■ **EXERCISE DETAILS**
Below are some records. Return exactly the lines from the one with "關(guān)于對(duì)" to the one with "Lotto 233 |", and nothing else.
**** PROVIDED DATA ****
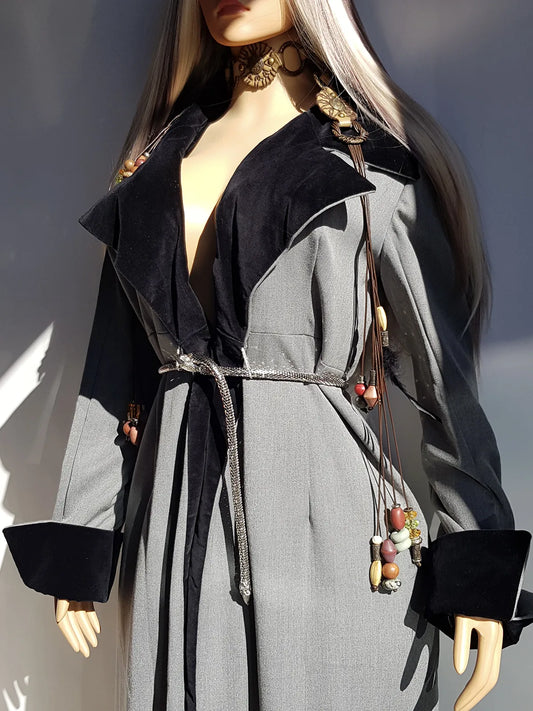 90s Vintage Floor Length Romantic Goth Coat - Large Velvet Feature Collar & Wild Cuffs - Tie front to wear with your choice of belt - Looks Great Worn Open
****
**** PROVIDED DATA ****
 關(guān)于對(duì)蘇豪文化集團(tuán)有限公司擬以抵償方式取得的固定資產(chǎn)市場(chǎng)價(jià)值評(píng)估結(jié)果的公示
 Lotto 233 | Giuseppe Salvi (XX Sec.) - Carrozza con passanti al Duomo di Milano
****
■ **RESPONSE TO THE EXERCISE**
 關(guān)于對(duì)蘇豪文化集團(tuán)有限公司擬以抵償方式取得的固定資產(chǎn)市場(chǎng)價(jià)值評(píng)估結(jié)果的公示
 Lotto 233 | Giuseppe Salvi (XX Sec.) - Carrozza con passanti al Duomo di Milano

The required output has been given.